Contudo, argumentam os críticos que a aparente contenção nos índices oficiais somente foi possível graças a políticas específicas do governo que afetaram os preços praticados em alguns mercados importantes, em particular o preço dos combustíveis, que não teriam acompanhado o aumento dos preços internacionais do petróleo; da energia elétrica, que foram reduzidos graças às novas regras aplicadas na prorrogação dos contratos de concessão de geração; e dos automóveis e motocicletas, móveis e eletrodomésticos da linha branca, beneficiados pela redução de IPI. A inflação “real”, que descontaria o efeito da ação do governo sobre o preço desses itens seria, assim, muito mais elevada do que indicam aqueles índices e refletiria a disparada dos preços. Teria tal disparada, de fato, acontecido?

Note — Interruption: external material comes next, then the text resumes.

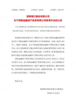 [投资者关系]600036_2025-11-24-招商银行-招商银行股份有限公司关于招银金融资产投资有限公司获准开业的公告(银创产业通www.chanyetong.net)

Para responder a essa questão, a série do IPCA foi ajustada de modo a eliminar o efeito da variação dos preços do gás de cozinha e da energia elétrica residencial, do mobiliário e dos eletrodomésticos da linha branca, do transporte público (diretamente afetado pelo preço dos combustíveis), dos combustíveis veiculares, dos automóveis novos e usados e das motocicletas[1]. Com o ajuste, o preço desses itens se moveu da mesma forma que a média ponderada do preço dos demais itens e não afetou o índice geral. Os índices resultantes desse ajuste e os do IPCA oficial para cada ano podem ser vistos no seguinte gráfico:

Vemos que, efetivamente, em todos os anos entre 2011 e 2014, mas especialmente em 2012 e 2013, o IPCA ajustado foi mais elevado que o índice oficial, tal como apontam os críticos. Entretanto, diferentemente do que eles sustentam, o índice ajustado não foi muito mais alto que o oficial: enquanto este se situou em média em 6,16% a.a., com o ajuste alcançou 7,07%, valor elevado, mas que dificilmente caracterizaria um descontrole inflacionário.

Mesmo em 2012, ano que registrou, além da menor taxa básica real de juros desde a estabilização da economia, uma forte desvalorização da moeda após anos de contínua valorização, importantes choques internos e externos na oferta de alimentos, e o maior aumento em décadas nos rendimentos médios da população, o IPCA ajustado se limitou a 7,41%.

Certamente, a condução da política monetária no período pode ser questionada, mas é necessário que isso seja feito com base em seu resultado real. Nesse sentido, se não evitou o aumento da inflação, tentou-se mostrar aqui que ela tampouco permitiu o descontrole inflacionário por vezes apontado.

Nota

[1]Poder-se-ia ainda incluir o efeito secundário do aumento dos preços da energia e dos combustíveis sobre o preço dos demais itens além do transporte público,o que elevaria marginalmente os índices calculados.